OPF Co-founder/Administrator
I have been first very impressed when LR (Light Room) and ACR 4 came out, but I would like to introduce a discussion about the power and the + and - of 2 of their new tools that seems to be now really fashioned to a lot of us (in the mean time I've returned back to my preferred raw processor C1 V3.7)

1/ Clarity (this is a copy of a post I made earlier in a "sharpening thread")

Yes, Clarity "is a great and useful rendering tweak"
but as all tools it must be carefully used, and checked viewing at 100% in the raw processor, as it very easily produces halos when overused (as many contrasting and/or sharpening techniques)…

I do prefer to adjust midtone contrast and sharpening, after all WB/color/resize process just before converting to output space and switching from 16 to 8 bits…

2/ High Light recovery
It is a very nice and usefull tool, but I can see posted here in OPF a lot of pictures where this function has been overused, yes some highlights are back, but the overall tone of the image is flat and colors moreless washed-out. They look like bad HDR renderings…

I come to the conclusion, that it is always better to achieve a good shot, in camera than in post-processing, the "adjust to the right" law is still alive!

As usual, it seems that all the powertools can and do help photographers but must be used with a lot of caution, looking carefully what has change in the ALL image before pushing the "OK" button as we usually are focused on one little part of the image when looking for a local enhancement…
 

Michael Fontana

pro member
>that it is always better to achieve a good shot, in camera than in post-processing, ......<

Nicolas, there isn't a substitute, there isn't really a alternative to a good capture!
I only can place emphaisis on your point.

The older rule from ole analog days hasn't gone; sh*** gets in--> sh*** gets out...

meanwhile today, we had some helpers - you mentioned some - to improve some shortcomings_
I personally don't mind these helpers, as todays, we have to shoot in light-situations, when we would have left the film cam in the box. But I look at them as helpers, for critical situations, nothing more, nothing less; there' no wonder.

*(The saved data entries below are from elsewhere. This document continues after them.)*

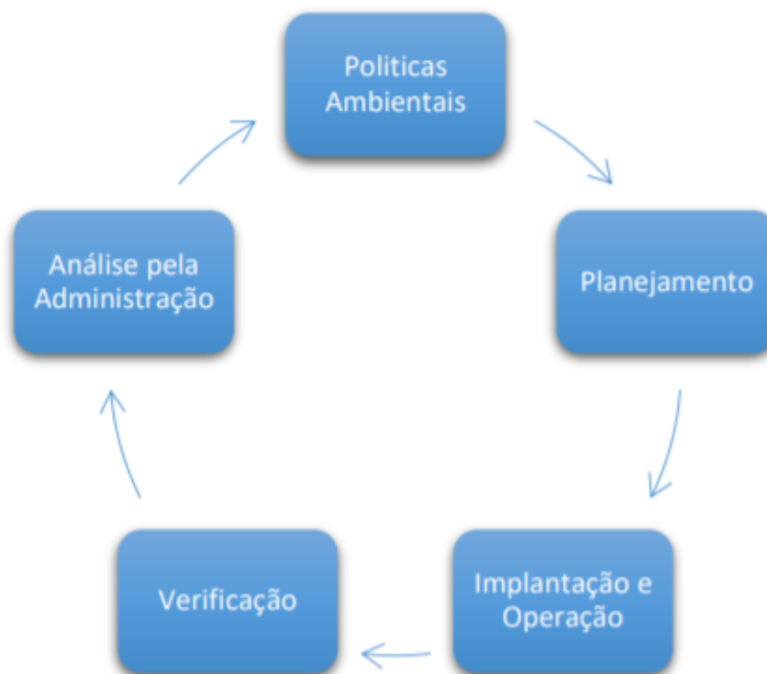
Figura 1: Fluxograma da metodologia PDCA.
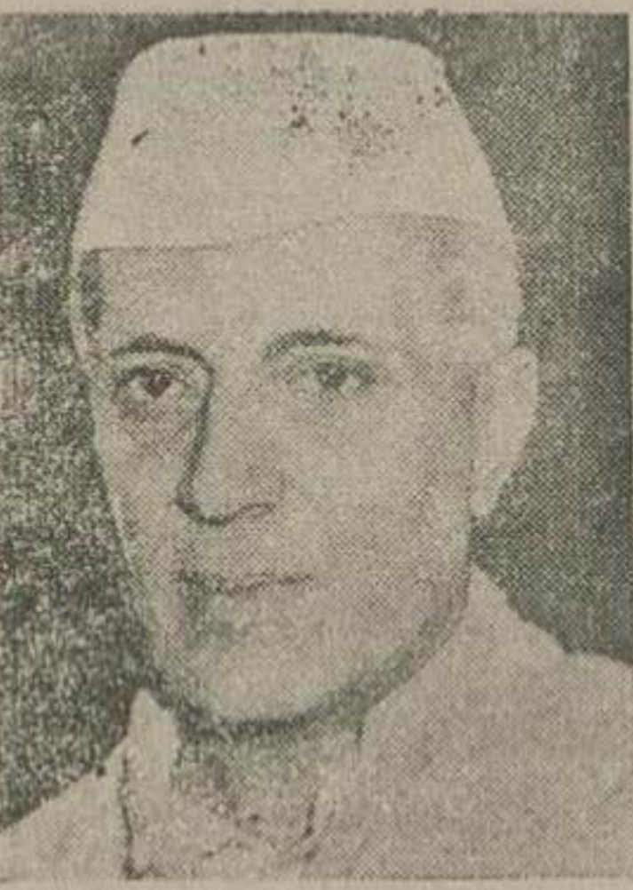
لیاقت علیخان نخست وزیر پاکستان
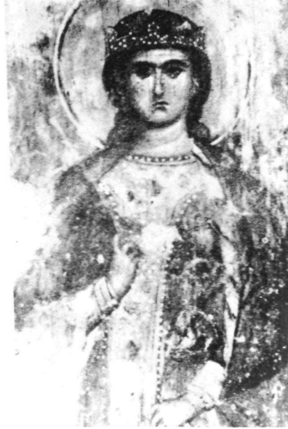
Εἰκ. 12. Ἁγία Αἰκατερίνα. Τοιχογραφία στήν Γκουβερνιώτισσα Κρήτης (λεπτομέρεια).

καί ἐπομένως στή θέση τοῦ δεύτερου ἐπεισοδίου, πού ἀκολουθεῖ τή σκηνή μέ τόν ἐρημίτη πρὸς τὰ δεξιὰ, θά πρέπει νά ἀναζητήσουμε μιὰ σκηνή ἀπό τίς τρεῖς τῆς συνάντησής της μέ τό Μαξέντιο. Τήν ἀποψη ἐνισχύει καί ὁ κίονας πού ἔρχεται ἀπό ἐσωτερικό χῶρο, ὅπως καί τό τμήμα πού σώζεται ἀπό τό σάρκωμα μηροῦ, πού δέν μπορεῖ νά εἶναι τίποτε ἄλλο ἀπό τό μηρό στρατιώτη πού φαίνεται κάτω ἀπό τόν κοντό χιτώνα του καί ὑπάρχει πάντα στή φρουρά τοῦ Μαξεντίου.
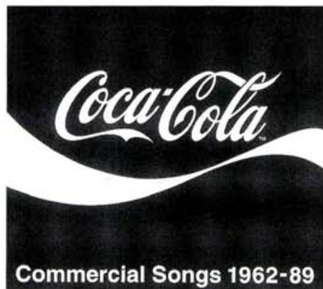
1962～89年までの54曲が収録する75分強！中でも「カミンホーム」の海外編は新録！ダイアナロスの「スカウトヤセカ」ってな愛な日本語肉声。収録して欲しかったなあ。超インパクトなジャケットデザインはもちろココレッド、コクライン、フランク・M・ロビンソンの薄記ロゴ、ペンバートン博士も草葉の陰できつと突ってます

高度成長期生まれの人達にはもう喉から手が出るほどのあの「コカ・コーラ」のコマソンがついにうぶ出し、その全貌を現わした。マツケンエリックソン時代のCFを見た人なら、このアンビリュー100%のクリア音源を聞けば、その情景は走馬灯ワールド満開！「意見が合うのは」では、幼馴染みが得棋番をひっくり返すシーンが、「青い空から」のフォーリーブスでは、黄色い歌声(SEE未収録は残念)と彼らが軽やかに踊る「ライブシーン」が、2枚目の佐藤竹善の「Feel」ではお膝元、花見小路辺りで爽やかに笑顔を見せる舞妓ちゃん涙で思い巡るのです。ライナーの資料性も極めて高く、まずはこれを企画したチームにスタンディングオベーション！お次はもうDVD発売しかない！
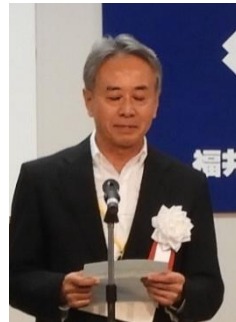
宇佐見実行委員長挨拶
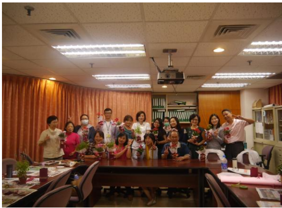
遺族哀傷關懷團體
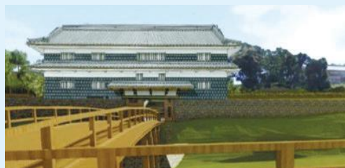
鼠多門・鼠多門橋(イメージ)
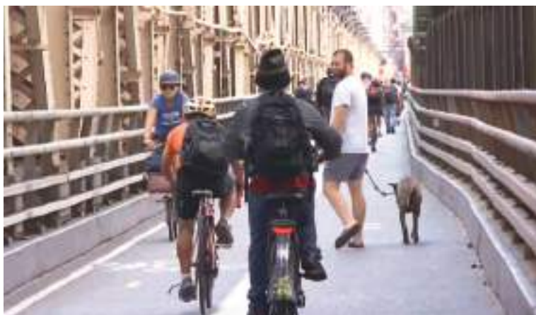
"Aquí transita demasiada gente con la bicicleta, las patinetas y los que practican ejercicios corriendo. Es muy urgente".

¿Y cuándo abrirá el nuevo cruce peatonal? El departamento de Transporte dice que este invierno aunque no han dado una fecha precisa.
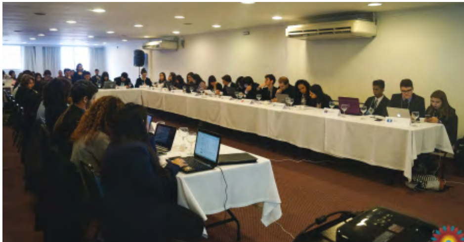
Figura 3: Simulação realizada no PampaSul 2017.

Em 2017, o PampaSul realizou a simulação simultânea de três importantes organizações: o Conselho de Chefes de Estado da Organização para Cooperação de Xangai (OCX), a Comissão Intergovernamental de Direitos Humanos da Associação de Nações do Sudeste Asiático (ASEAN) e a ASEAN+3 (incluindo China, Coreia do Sul e Japão). No primeiro comitê foi debatido o conflito separatista em Nagorno-Karabakh e, após discussões, os representantes da organização reforçaram as resoluções do Conselho de Segurança da Organização das Nações Unidas (ONU) acerca do tema, reiterando a importância de que a região em conflito fosse reconhecida pela Armênia e pela comunidade internacional como pertencente ao Estado do Azerbaijão.
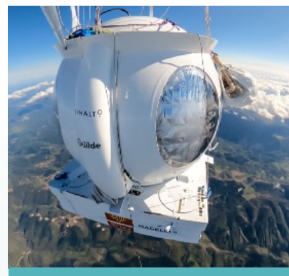
Figure 1 : La capsule Celeste.

Début 2021 : près de 1 million d'euros collectés (donateurs, investisseurs, organismes publics).
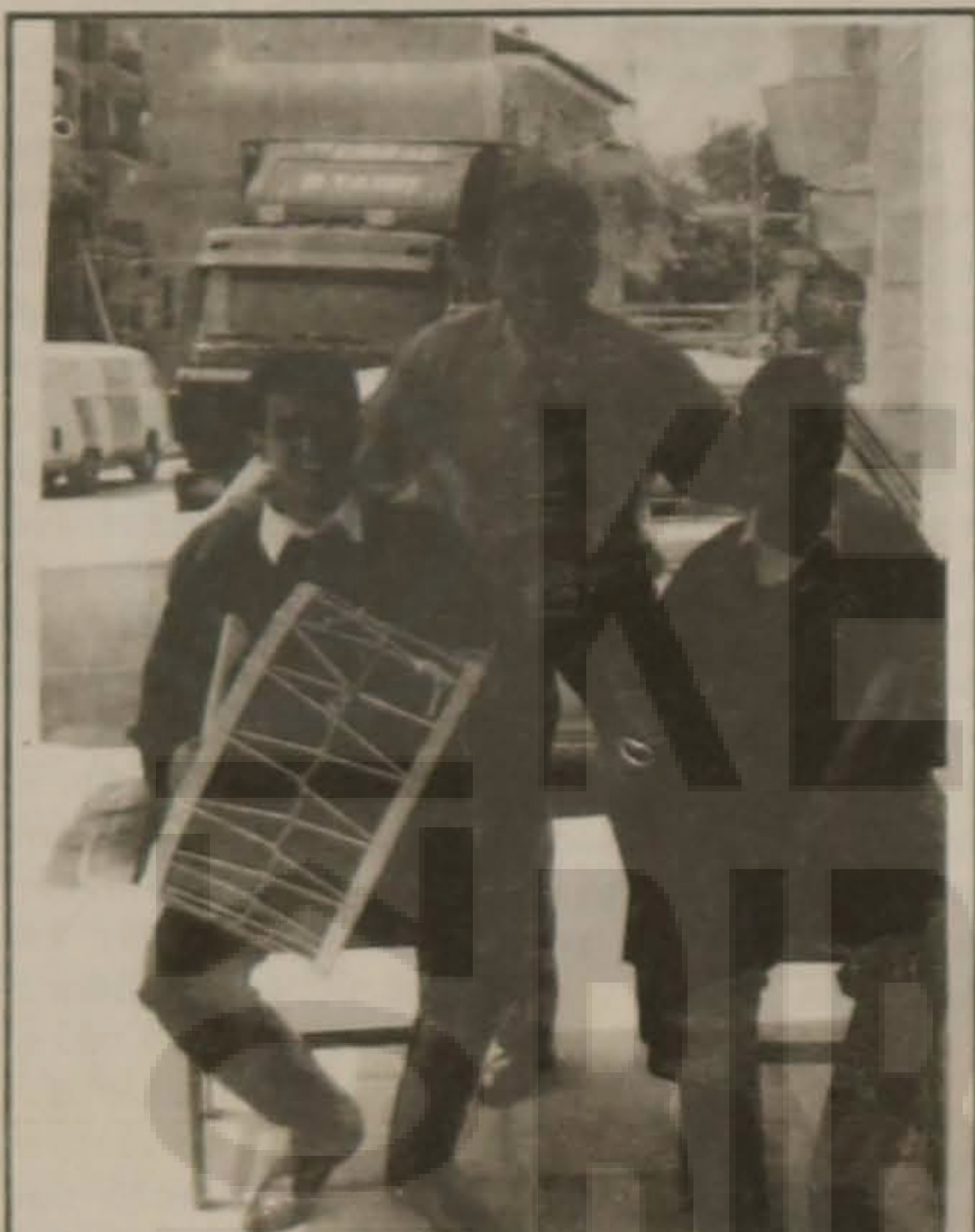
Οι νέοι μας και σήμερα είναι άξιοι λειτούργοι της ποντιακής μούσας.

Του Γιώργου Χ.Χιονίδη "νηστική αρκούδα δεν χορεύει...", ούτε καν είναι ικανή να περιηγηθεί, απολαμβάνοντας κόρτο... Εκεί μας περίμεναν οι ελληνοπόντιοι κάτοικοι του χωριού, που είναι πολύ μεγάλο (μέχρι 1200 σπίτια). Εδώ το ελληνικό κράτος έκτισε μια από τις 9 εκκλησίες που αναγέρθηκαν με έξοδό του. Μπρόδα του, για να το παινέψω και λίγο. Μας περίμενε και ο ιερέας του χωριού (με τον οποίο συλλειτουργηθήκαμε στη Σουμελιά, όπως προσημείωσα).
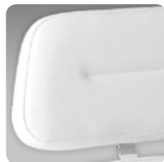
testa Zak grande big Zak head rest cod. 111
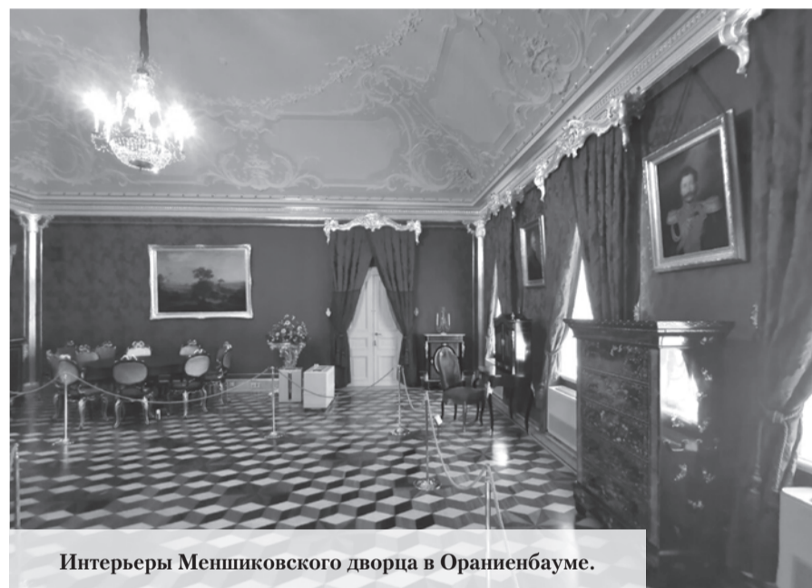
Интерьеры Меншиковского дворца в Ораниенбауме.

В 1717 году с западной стороны царского имения в Стрельне Меншиков выкроил для себя земельный участок под новую усадьбу, получив-
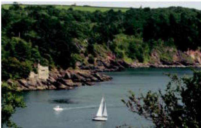
Argazki hau Ingalaterrako hego mendebaldeko Brixham herri arrantzaletik gertu ateratakoa da, Devonon, Ingalaterrako paraje ederrenetarikoa daude bertan dudarik gabe. AGURTZANE LARRAÑAGA
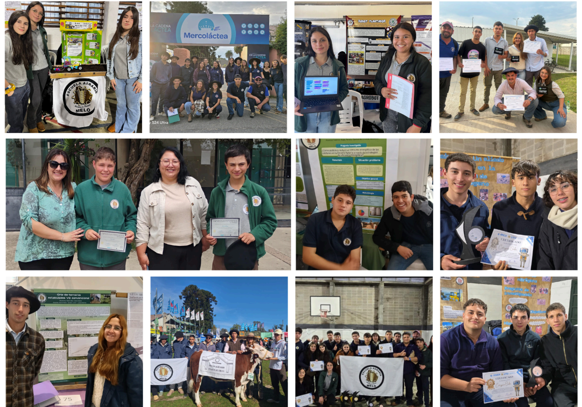
Participación en concursos y ferias tecnológicas:

Los estudiantes participan en Ferias Tecnológicas, TechniCiencias y Clubes de Ciencia, en áreas: tecnológica, científica y social, promoviendo la innovación y el trabajo colaborativo.
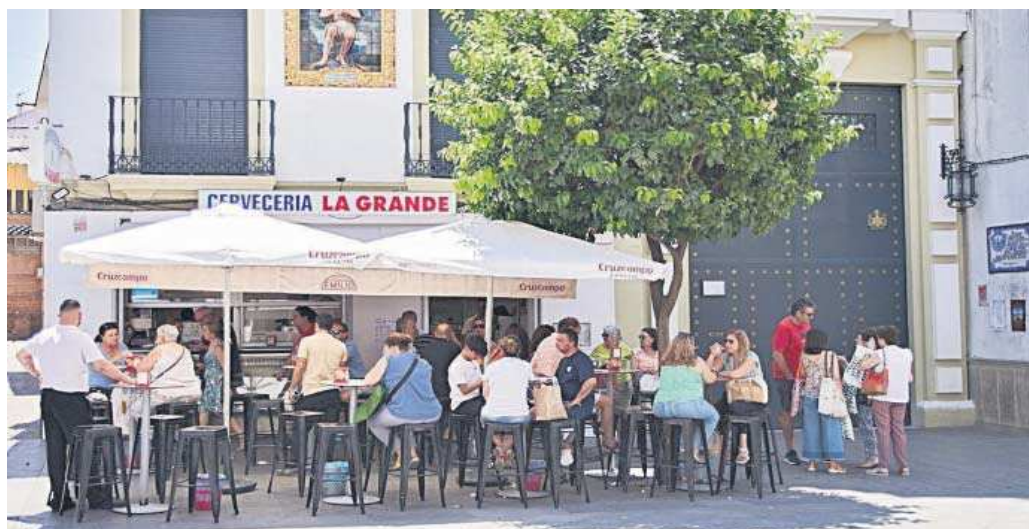
Una terraza de veladores repleta de clientes junto a la capilla de La Estrella.

En la pasada Comisión de Control y Fiscalización al Gobierno
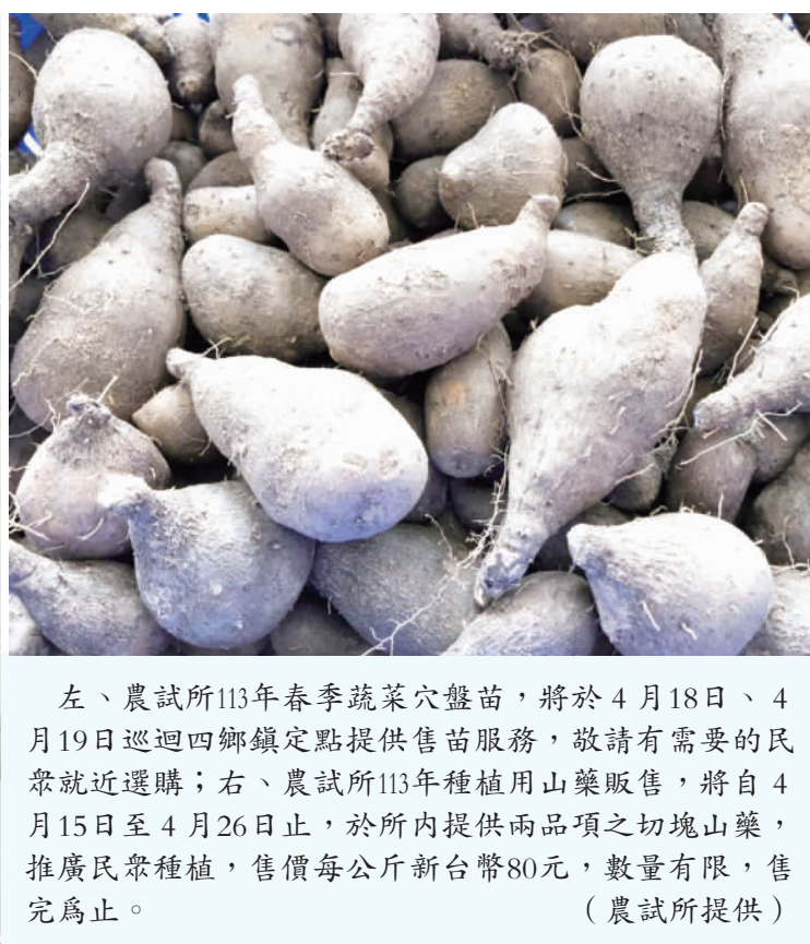
左、農試所113年春季蔬菜穴盤苗，將於4月18日、4月19日巡迴四鄉鎮...
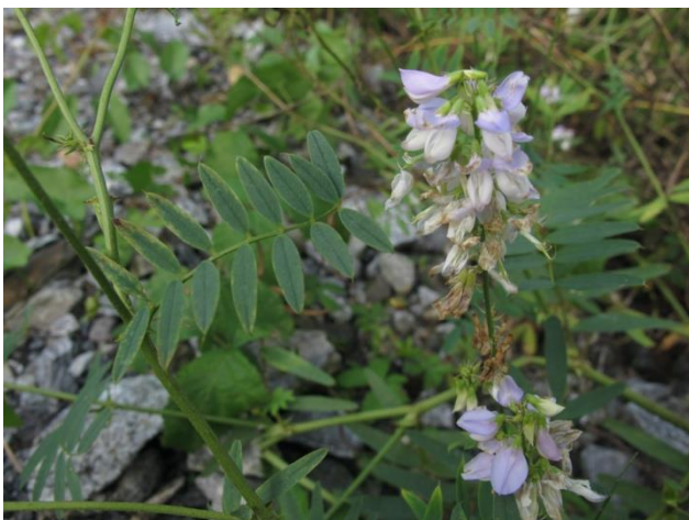
Galega officinalis

Off course, one can work arround for hours with a single image, ending up with a flat, dullooking clone.
Is it interesting? and still not the same...
 

nicolas claris

OPF Co-founder/Administrator
Thanks for your reply Michael,
coming from a so meticulous photographer as you, your point is really important!

I do to use some of these helpers (RAW is a great helper!), but wanted to warn newbies to theses technologies to tell that Clarity and highlight/shadow recovery can't do miracles but can destroy a file when overused… yes the old adage is still true…
 

Michael Fontana

pro member
As you mentioned highlight/shadow recovery; I first thought on it beeing in PS:

I use it rarely, but when: alwith on a backgrund layer, and often I reduce its impact by reducing the opacity of that layer to about 70%.
This 70% is interesting, as I very often use it in editing; giving a 2 nd look to a tweak, 70% of the first edit looks in almost every sitaution better.

Do you know if there's a significantt difference between LR/ACRs SH-recovery, and the one in PS?
Andrew might tell...
 

nicolas claris

OPF Co-founder/Administrator
Good question!
I find the PS version more powerful as you have, when more options checkbox is checked, more sliders for a more accurate result, you may also work in the same panel on the midtone contrast and color saturation to prevent evident dull looking image.
If this complete feature were implemented in LR and ACR that would be much better and powerful to use because it would be before converting raw…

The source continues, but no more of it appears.